Have you ever heard of ice tsunamis?
It’s a kind of ice flow triggered by strong winds that can eat up your house… A nature nightmare…
Winds forced massive walls of ice onto the shores of Lake Dauphin, dwarfing homes in rural Manitoba, Canada on Friday. A dozen homes were destroyed and many others left uninhabitable after winds piled ice from Dauphin Lake onto Ochre Beach Friday in an unusually large ice flow in Ochre River, 188 miles outside Winnipeg (Manitoba, Canada) which had only recently begun to recover from severe floods in 2011.
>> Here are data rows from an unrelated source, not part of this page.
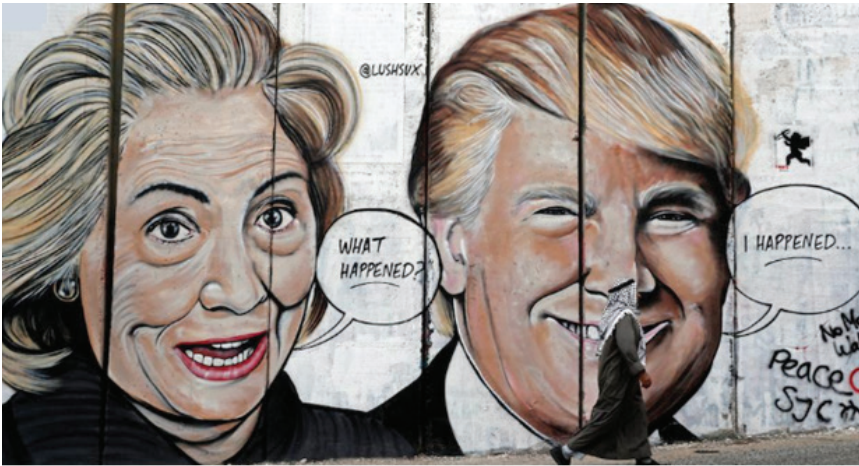
Figure-10: A mural painted by Lushsux on the Separation Wall
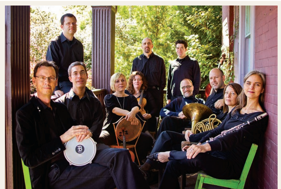
HOT IN TENNESSEE: Nashville's Alias Chamber Ensemble, which includes four Eastman alumni, has won accolades for its innovative repertoire as well as for its service to the community.

Not surprisingly, another key issue will be civil unions. He plans to reintroduce the bill on day one of the new session. ②
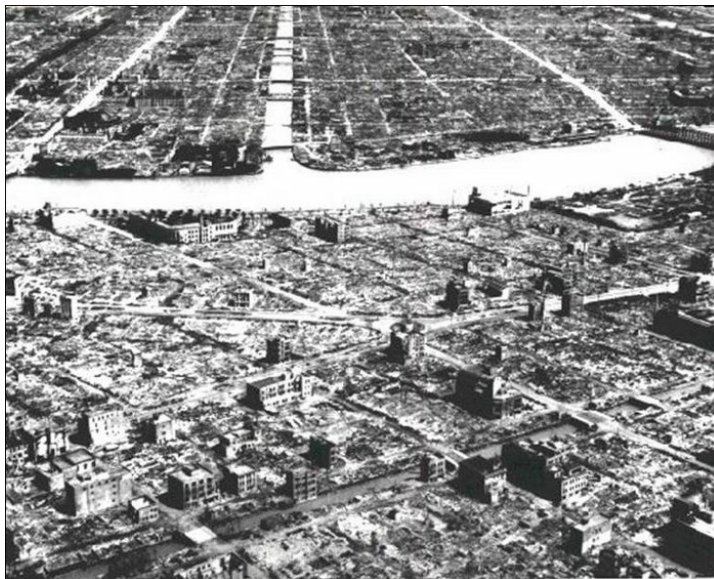
Tokyo after the firebombing of March 9-10, 1945

First, one might, at least tentatively, try taking the authors at their word. It is important to recall the historical moment , and the geographical place , where this Constitution was written. This was immediately after the end of World War II, in Tokyo, a city that had been flattened and burned by the U.S. terror bombings. It is said that you could stand in the center of Tokyo and see the horizon in every direction.

Some of the leveled homes were brand new, having just been rebuilt in the wake of severe 2011 flooding. Homeowners had only minutes to flee as the mounting ice entered their doors and windows. Hundreds of volunteers and some Canadian officials showed up Saturday to help dig Ochre Beach out of the massive ice floe and to find shelter for those left homeless by this rare event.
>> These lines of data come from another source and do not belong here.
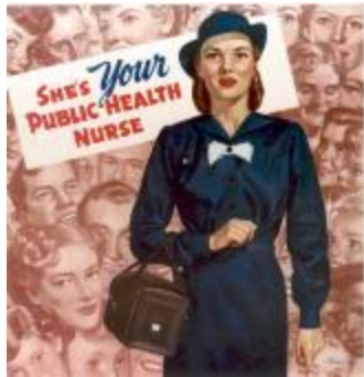
She's Your Public Health Nurse (KA0023_kOSxx2_f06_01)
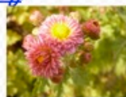
Black and white photos Creative photos e.g photos on this page Family and friend photos
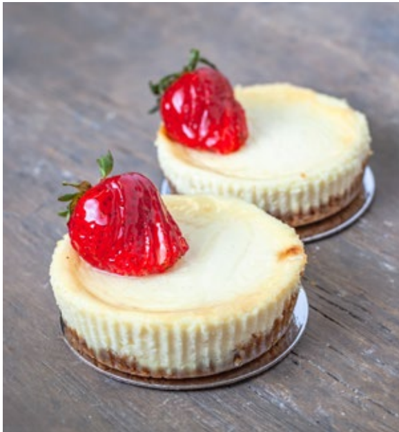
Cheesecake - 4 in #3011 (seasonal)

High winds cause same ice floe phenomenon 600 miles south in Minnesota over the weekend at a lake resort on Milles Lacs. Although not as destructive as the Canadian phenomena, it still had some residents calling it an ‘ice Tsunami’ and marveling at its unbelievable speed. The same high wind weather system is thought to have caused both incidents.
Finally, approximately 40 properties on Alberta Beach were damaged after strong winds forced large ice flows off the lake and into several homes, boat houses, and garages as shown in the picture below. Watch video here.
All of this is pretty scary. But how are ice tsunamis created? Massive ice floes are formed when strong winds blow, driving piles of ice onto the shore which inundate homes and giving residents only minutes to flee. This common phenomenon occurs on thawing lakes but is rarely witnessed with such intensity and size.